» YOUR GOAL
Filter these entries, keeping only lines that hold the word "different".

» PROVIDED DATA

═══

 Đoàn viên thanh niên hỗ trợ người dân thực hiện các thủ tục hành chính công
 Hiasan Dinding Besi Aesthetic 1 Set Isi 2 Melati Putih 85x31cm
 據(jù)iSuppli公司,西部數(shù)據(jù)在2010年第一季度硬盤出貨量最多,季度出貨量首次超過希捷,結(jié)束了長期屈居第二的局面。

═══

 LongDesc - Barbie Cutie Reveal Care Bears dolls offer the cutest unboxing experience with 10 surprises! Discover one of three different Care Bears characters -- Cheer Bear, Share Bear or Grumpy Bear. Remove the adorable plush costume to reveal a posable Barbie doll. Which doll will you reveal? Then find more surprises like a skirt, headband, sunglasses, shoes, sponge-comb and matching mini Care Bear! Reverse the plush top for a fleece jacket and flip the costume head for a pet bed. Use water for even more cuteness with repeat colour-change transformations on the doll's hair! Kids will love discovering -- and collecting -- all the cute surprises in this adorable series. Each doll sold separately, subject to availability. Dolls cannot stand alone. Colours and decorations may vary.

═══

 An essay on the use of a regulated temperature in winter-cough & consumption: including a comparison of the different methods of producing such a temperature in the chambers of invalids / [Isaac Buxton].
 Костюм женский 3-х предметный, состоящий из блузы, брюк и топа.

═══

» OUTPUT OF THE EXERCISE
 LongDesc - Barbie Cutie Reveal Care Bears dolls offer the cutest unboxing experience with 10 surprises! Discover one of three different Care Bears characters -- Cheer Bear, Share Bear or Grumpy Bear. Remove the adorable plush costume to reveal a posable Barbie doll. Which doll will you reveal? Then find more surprises like a skirt, headband, sunglasses, shoes, sponge-comb and matching mini Care Bear! Reverse the plush top for a fleece jacket and flip the costume head for a pet bed. Use water for even more cuteness with repeat colour-change transformations on the doll's hair! Kids will love discovering -- and collecting -- all the cute surprises in this adorable series. Each doll sold separately, subject to availability. Dolls cannot stand alone. Colours and decorations may vary.
 An essay on the use of a regulated temperature in winter-cough & consumption: including a comparison of the different methods of producing such a temperature in the chambers of invalids / [Isaac Buxton].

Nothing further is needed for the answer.